4. The finetuning data for each model is mentioned, with Flan-t5 and Dolly-v2 not specifying any, Falcon-instruct falcon using instruct/chat, and MPT-instruct using colloquial instruct/preference.
LayoutPDFReader
is designed to chunk text while intelligently preserving the integrity of related content.
This means that all list items, including the paragraph that precedes the list, are kept together.
In addition, items on a table are grouped, and contextual information from section headers and nested section headers is included.
By using the following code, you can create a LlamaIndex query engine from the document chunks generated by LayoutPDFReader
.
from llama_index.readers.schema.base import Document
from llama_index import VectorStoreIndex
index = VectorStoreIndex([])
for chunk in doc.chunks():
index.insert(Document(text=chunk.to_context_text(), extra_info={}))
query_engine = index.as_query_engine()
def query_vectorstore(question, query_engine=query_engine):
"""
Queries a vectorstore using an engine with a question and prints the response.
Parameters:
- query_engine: The engine to use for querying (e.g., an instance of a class with a query method).
- question (str): The question to ask.
Returns:
- response: The response from vector store
"""
response = query_engine.query(question)
return response
response = query_vectorstore("What is the methodology in this paper?")
response.response
And the response from the LLM:
The methodology in this paper focuses on prioritizing evaluation instances that showcase distinct model behaviors. The goal is to minimize tie outcomes and optimize the evaluation process, especially when resources are limited. However, this approach may inherently favor certain data points and introduce biases. The methodology also acknowledges the risk of over-representing certain challenges and under-representing areas where models have consistent outputs. It is important to note that the proposed methodology is designed to prioritize annotation within budget constraints, rather than using it for sample exclusion.

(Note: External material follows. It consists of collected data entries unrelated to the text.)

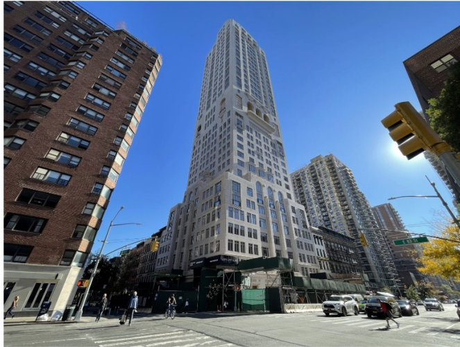
200 East 83rd Street.

Homes will come in one- to six-bedroom layouts and with pricing from $2.05 million to $32.5 million. Two-bedrooms begin at $3.175 million, three-bedrooms at $4.35 million, and four-bedrooms at $5.35 million. There are also three penthouses available in five- or six-bedroom layouts with prices from $23 million to $32.5 million. Each comes with private outdoor space.
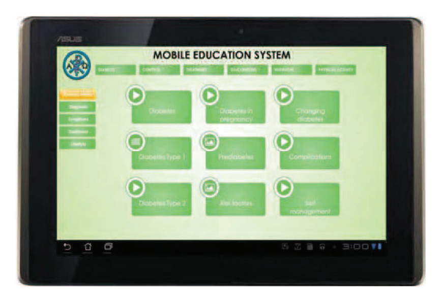
Figure 2. User interface with categories, subcategories and elements

In addition, it is possible to completely control the video content. To view the textual content, txt and html files are used.
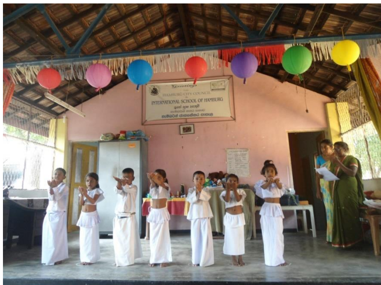
The teachers watch as the children perform.
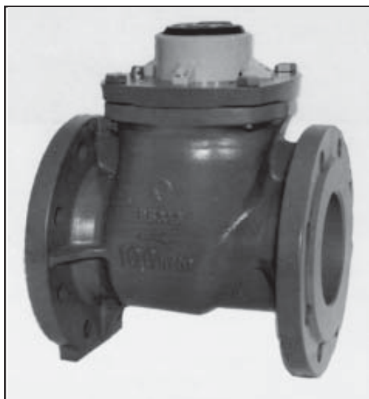
Model 210 – hot Sizes 2”, 3”, 4”, 6”, and 8”
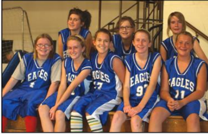
The two basketball teams pose after a recent game. After a hiatus from intermural competition, it is good to be back on the courts.
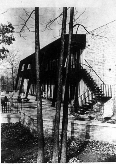
LAKESIDE VIEW (left) of the main building shows the large patio adjoining the dining room and a second-level balcony adjoining the lobby and lounge at Rough River Dam State Park. Exterior of the building, in native stone and cedar, blends with the wooded setting.

plenty of hot water for all from your flameless, fast-response electric water heater
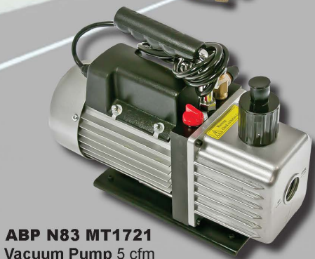
ABP N83 MT1721 Vacuum Pump 5 cfm
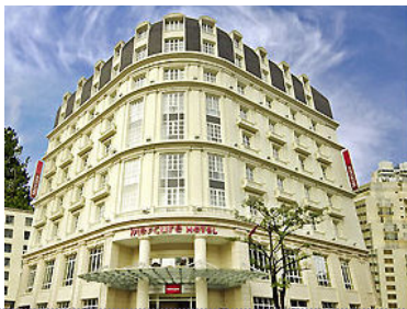
MERCURE HOTEL HANOI

Breakfast in hotel. Free at leisure until till transfer to airport for flight departure home.
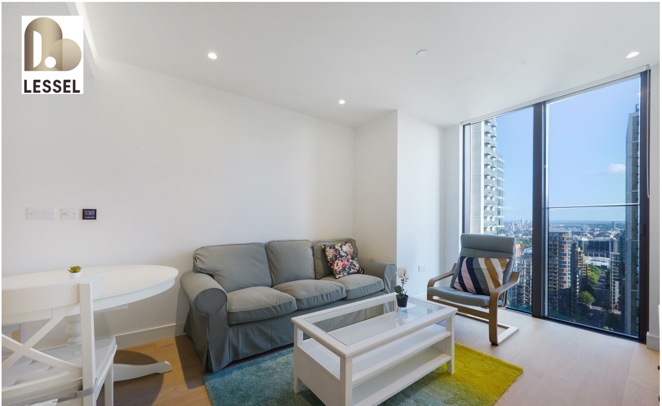
Flat 2009 Harcourt Tower 67 Marsh Wall, London, E14 9GS £807 Per Week
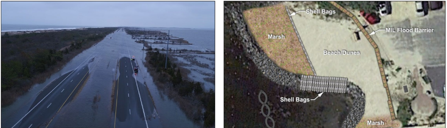
Figure 2: Flooding (Left) and Resilience Enhancements Made (Right) on Delaware State Route 1

Photo is from 2017 and the rendering was published in 2018. | GAO-21-561T
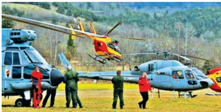
Rescue helicopters from the French Securite Civile and the Air Force are seen in front of the French Alps during a rescue operation near the crash site of an Airbus A320, near Seyne-les-Alpes on 24 March, 2015.

SEYNE-LES-ALPES, (France) 25 March — French investigators will sift through wreckage on Wednesday for clues into why a German Airbus ploughed into an Alpine mountainside, killing all 150 people on board including 16 schoolchildren returning from an exchange trip to Spain.

response = query_vectorstore("How do you quantify A vs B dissimilarity?")
response.response
The quantification of A vs B dissimilarity can be done using the Kullback-Leibler (KL) divergence formula. This formula involves calculating the sum of the product of the probability of each element in A (pA) and the logarithm of the ratio between the probability of that element in A (pA) and the probability of that element in B (pB).
In summary, the blog post introduces LlamaSherpa, an innovative library that addresses the challenge of chunking large documents for use with Large Language Models (LLMs).
LlamaSherpa’s “smart chunking” method is layout-aware, preserving the semantics and structure of the original document, which is crucial for maintaining the context and meaning. The library’s LayoutPDFReader tool efficiently processes PDFs to create more effective inputs for LLMs.
By utilizing LlamaSherpa, users can enhance the performance of their RAG pipelines, ensuring that the model’s context window encapsulates the most relevant and structured information from large documents.